Task goal = Starting at the first line of the entries below, restate each line exactly until you reach the line with "In Mongkok, Kowloon, Police", and print that one too. Leave the pictures out and stop there.

Data items
=== Begin Enclosure ===

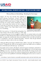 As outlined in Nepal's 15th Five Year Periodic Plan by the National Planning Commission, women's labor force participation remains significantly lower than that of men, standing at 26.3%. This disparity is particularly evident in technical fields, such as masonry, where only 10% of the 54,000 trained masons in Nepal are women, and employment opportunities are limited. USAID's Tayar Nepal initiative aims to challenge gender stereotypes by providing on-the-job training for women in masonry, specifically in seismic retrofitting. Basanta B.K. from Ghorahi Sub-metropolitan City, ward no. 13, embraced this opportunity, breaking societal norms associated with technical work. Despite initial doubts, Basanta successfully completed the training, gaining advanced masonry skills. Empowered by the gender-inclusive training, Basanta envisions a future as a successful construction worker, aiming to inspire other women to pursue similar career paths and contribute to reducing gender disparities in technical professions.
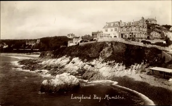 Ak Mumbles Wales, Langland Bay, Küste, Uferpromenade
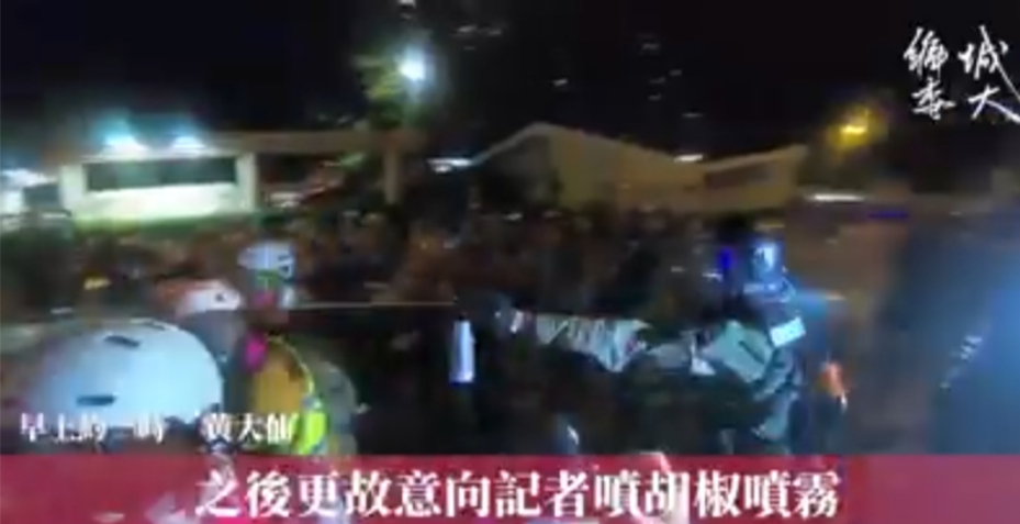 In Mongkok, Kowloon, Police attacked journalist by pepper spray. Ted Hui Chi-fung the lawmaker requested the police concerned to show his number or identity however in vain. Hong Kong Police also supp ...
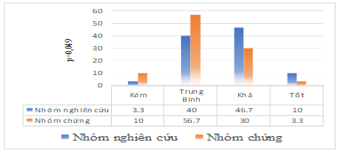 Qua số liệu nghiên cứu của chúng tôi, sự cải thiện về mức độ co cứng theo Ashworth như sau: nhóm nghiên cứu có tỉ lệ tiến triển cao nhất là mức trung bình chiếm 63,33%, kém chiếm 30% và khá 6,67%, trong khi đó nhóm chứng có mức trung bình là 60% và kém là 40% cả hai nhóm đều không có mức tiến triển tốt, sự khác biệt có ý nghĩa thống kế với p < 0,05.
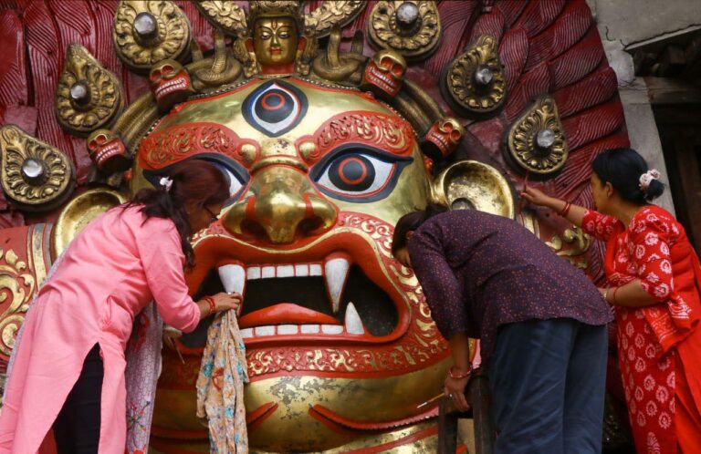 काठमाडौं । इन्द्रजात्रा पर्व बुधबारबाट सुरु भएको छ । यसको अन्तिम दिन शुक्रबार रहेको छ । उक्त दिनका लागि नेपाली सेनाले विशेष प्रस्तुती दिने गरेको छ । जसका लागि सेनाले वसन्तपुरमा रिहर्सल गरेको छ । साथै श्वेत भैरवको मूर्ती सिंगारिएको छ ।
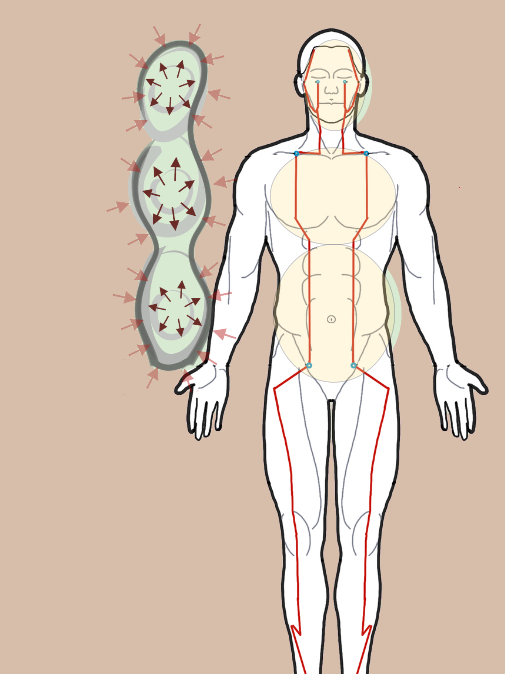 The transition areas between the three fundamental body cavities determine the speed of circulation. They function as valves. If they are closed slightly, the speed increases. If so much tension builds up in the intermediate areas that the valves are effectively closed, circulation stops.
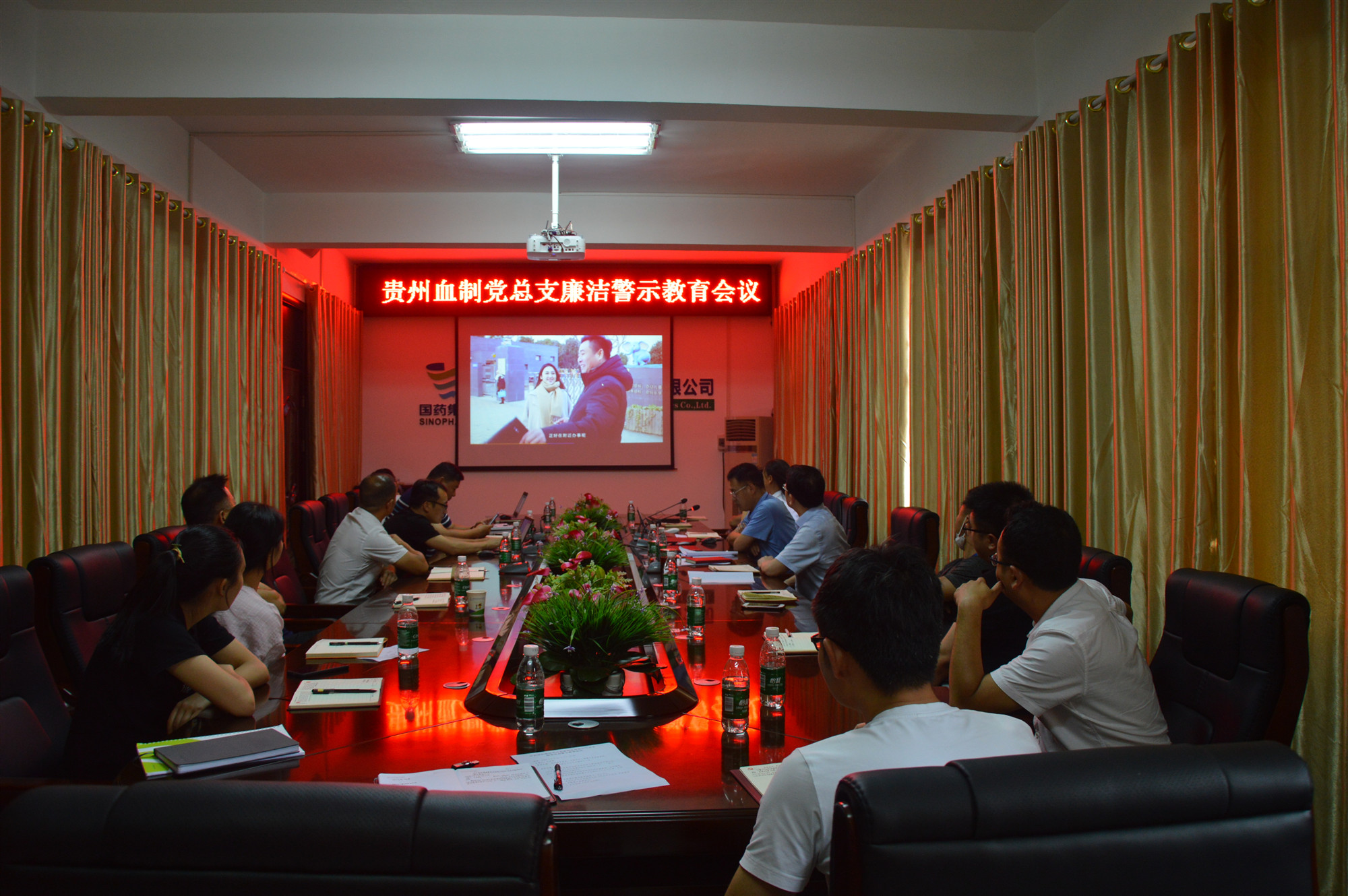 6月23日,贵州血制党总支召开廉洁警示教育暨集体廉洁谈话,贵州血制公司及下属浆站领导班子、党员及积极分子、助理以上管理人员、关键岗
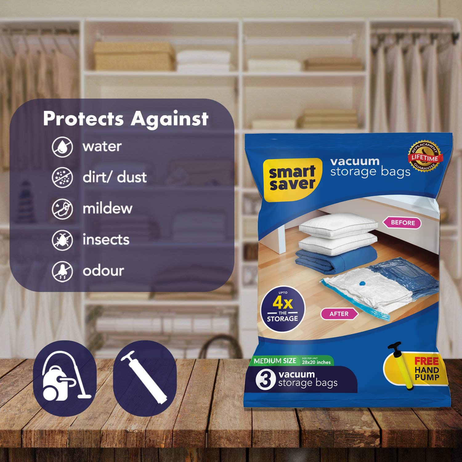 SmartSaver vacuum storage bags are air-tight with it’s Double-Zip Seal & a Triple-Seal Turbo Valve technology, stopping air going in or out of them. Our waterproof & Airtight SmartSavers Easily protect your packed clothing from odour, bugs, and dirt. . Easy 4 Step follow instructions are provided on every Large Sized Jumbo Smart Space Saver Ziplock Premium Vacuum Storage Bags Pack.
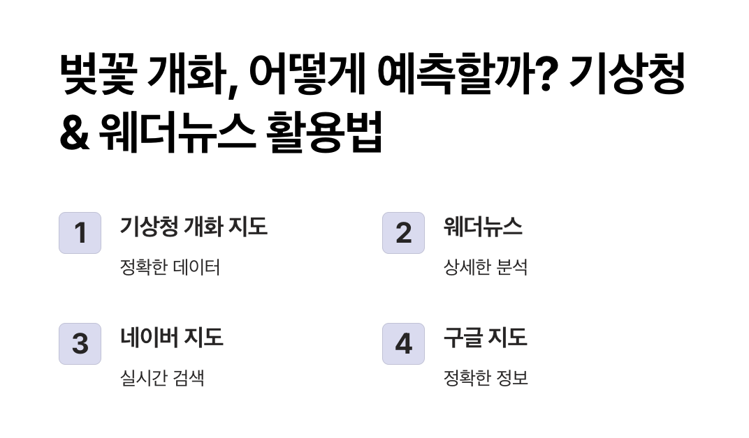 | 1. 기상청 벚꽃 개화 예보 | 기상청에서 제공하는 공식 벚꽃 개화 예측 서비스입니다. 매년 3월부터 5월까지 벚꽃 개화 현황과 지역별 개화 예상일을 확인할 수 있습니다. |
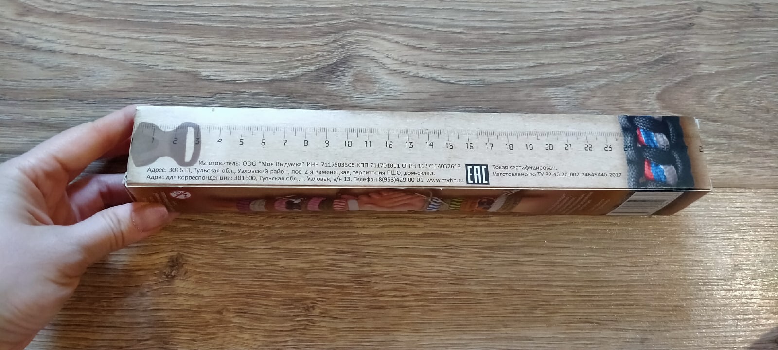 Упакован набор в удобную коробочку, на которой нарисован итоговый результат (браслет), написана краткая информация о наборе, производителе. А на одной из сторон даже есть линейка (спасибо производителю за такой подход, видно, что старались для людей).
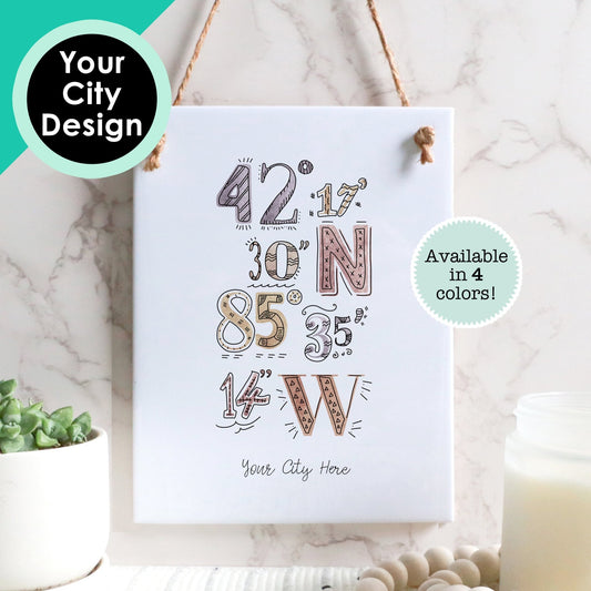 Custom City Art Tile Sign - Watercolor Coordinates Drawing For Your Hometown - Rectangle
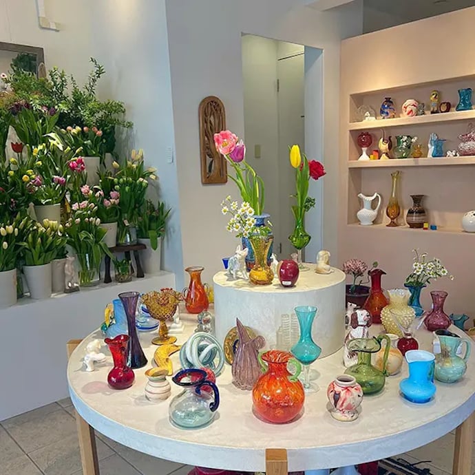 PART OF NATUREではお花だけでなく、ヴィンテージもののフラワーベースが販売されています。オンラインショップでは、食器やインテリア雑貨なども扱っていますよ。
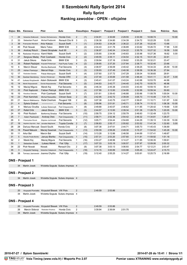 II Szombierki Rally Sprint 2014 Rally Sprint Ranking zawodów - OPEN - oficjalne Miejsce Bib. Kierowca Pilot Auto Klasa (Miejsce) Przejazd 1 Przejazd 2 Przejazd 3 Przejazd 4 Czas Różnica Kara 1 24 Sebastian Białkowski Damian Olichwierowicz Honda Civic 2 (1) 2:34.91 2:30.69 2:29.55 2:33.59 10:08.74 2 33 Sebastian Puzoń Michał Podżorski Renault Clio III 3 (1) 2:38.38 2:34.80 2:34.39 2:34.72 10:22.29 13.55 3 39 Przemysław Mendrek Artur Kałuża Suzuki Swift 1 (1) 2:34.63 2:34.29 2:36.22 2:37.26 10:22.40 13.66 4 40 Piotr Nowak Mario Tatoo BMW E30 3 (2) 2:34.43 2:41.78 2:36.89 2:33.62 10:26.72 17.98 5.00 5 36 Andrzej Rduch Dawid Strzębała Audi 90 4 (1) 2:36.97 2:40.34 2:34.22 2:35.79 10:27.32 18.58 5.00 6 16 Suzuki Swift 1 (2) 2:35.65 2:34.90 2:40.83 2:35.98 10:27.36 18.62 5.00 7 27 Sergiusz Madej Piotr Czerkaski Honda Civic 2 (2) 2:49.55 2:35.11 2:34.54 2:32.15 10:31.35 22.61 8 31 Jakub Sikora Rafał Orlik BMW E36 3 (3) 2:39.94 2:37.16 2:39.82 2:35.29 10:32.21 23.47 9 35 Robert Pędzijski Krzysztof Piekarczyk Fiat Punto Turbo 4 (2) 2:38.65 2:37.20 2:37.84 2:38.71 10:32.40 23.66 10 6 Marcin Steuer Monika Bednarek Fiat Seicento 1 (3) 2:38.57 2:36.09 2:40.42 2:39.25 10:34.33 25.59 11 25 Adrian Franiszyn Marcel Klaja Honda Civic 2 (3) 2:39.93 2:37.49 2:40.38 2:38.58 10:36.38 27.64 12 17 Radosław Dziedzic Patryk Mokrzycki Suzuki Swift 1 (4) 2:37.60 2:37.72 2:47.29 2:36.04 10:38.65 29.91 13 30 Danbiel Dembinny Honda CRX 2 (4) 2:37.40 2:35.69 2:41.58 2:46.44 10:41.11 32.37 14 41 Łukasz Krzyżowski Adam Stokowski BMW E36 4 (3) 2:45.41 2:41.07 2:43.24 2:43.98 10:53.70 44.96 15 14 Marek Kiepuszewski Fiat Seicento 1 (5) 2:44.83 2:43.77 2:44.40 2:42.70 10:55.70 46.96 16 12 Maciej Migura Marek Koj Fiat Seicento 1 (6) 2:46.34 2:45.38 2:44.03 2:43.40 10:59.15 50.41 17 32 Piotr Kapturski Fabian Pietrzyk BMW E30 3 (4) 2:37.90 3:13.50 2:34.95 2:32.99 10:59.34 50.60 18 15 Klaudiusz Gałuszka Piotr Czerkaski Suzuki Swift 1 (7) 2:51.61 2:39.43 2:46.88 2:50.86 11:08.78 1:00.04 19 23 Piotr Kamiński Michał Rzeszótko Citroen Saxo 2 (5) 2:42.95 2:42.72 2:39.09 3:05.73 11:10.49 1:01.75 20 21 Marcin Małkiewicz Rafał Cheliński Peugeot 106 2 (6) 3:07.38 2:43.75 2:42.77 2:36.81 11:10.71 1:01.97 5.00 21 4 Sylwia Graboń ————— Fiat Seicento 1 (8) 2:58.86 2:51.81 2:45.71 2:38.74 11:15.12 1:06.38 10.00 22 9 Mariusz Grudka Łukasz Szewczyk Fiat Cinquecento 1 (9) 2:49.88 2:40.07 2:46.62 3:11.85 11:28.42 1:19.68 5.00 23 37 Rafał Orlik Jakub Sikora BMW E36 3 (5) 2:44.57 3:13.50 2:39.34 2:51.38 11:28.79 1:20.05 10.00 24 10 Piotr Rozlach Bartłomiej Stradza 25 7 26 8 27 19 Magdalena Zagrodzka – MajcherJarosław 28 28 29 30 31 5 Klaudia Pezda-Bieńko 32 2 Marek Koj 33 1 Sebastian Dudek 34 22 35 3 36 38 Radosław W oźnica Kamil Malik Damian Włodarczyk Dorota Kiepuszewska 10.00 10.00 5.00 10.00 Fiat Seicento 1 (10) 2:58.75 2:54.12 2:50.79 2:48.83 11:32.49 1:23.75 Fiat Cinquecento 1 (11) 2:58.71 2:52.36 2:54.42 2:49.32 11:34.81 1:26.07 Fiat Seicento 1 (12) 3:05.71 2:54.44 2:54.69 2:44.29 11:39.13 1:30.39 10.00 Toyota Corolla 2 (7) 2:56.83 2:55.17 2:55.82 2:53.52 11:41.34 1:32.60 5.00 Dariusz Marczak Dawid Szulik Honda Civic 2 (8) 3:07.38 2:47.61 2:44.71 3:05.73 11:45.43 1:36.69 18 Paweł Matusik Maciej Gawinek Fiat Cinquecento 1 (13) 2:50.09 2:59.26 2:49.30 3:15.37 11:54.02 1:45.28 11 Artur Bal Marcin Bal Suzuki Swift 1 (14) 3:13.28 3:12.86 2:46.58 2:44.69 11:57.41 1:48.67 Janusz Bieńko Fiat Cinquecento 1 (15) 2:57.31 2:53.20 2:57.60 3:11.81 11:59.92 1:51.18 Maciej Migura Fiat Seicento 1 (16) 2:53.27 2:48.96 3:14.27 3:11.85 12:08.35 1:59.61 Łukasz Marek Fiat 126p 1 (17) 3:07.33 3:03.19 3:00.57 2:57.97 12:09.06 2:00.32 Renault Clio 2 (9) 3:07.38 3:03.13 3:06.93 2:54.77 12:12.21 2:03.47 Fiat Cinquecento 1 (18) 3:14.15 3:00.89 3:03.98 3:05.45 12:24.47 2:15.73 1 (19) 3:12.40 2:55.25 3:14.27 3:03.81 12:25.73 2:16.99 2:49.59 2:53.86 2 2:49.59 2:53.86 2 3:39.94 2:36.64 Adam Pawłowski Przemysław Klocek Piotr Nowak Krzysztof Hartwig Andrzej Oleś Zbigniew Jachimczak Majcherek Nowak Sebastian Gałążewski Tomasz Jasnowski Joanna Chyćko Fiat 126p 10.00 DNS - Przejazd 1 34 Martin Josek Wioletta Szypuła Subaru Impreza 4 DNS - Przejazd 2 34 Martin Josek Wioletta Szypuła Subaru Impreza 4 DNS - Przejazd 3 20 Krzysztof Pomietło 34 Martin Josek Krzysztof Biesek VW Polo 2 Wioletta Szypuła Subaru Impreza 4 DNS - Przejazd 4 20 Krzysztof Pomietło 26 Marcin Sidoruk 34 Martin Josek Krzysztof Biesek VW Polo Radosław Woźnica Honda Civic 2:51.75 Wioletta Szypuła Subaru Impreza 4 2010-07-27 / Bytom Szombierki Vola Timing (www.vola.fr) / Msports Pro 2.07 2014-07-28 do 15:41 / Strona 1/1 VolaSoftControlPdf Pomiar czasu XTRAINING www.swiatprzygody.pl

=== End Enclosure ===

Response to the exercise =
 As outlined in Nepal's 15th Five Year Periodic Plan by the National Planning Commission, women's labor force participation remains significantly lower than that of men, standing at 26.3%. This disparity is particularly evident in technical fields, such as masonry, where only 10% of the 54,000 trained masons in Nepal are women, and employment opportunities are limited. USAID's Tayar Nepal initiative aims to challenge gender stereotypes by providing on-the-job training for women in masonry, specifically in seismic retrofitting. Basanta B.K. from Ghorahi Sub-metropolitan City, ward no. 13, embraced this opportunity, breaking societal norms associated with technical work. Despite initial doubts, Basanta successfully completed the training, gaining advanced masonry skills. Empowered by the gender-inclusive training, Basanta envisions a future as a successful construction worker, aiming to inspire other women to pursue similar career paths and contribute to reducing gender disparities in technical professions.
 Ak Mumbles Wales, Langland Bay, Küste, Uferpromenade
 In Mongkok, Kowloon, Police attacked journalist by pepper spray. Ted Hui Chi-fung the lawmaker requested the police concerned to show his number or identity however in vain. Hong Kong Police also supp ...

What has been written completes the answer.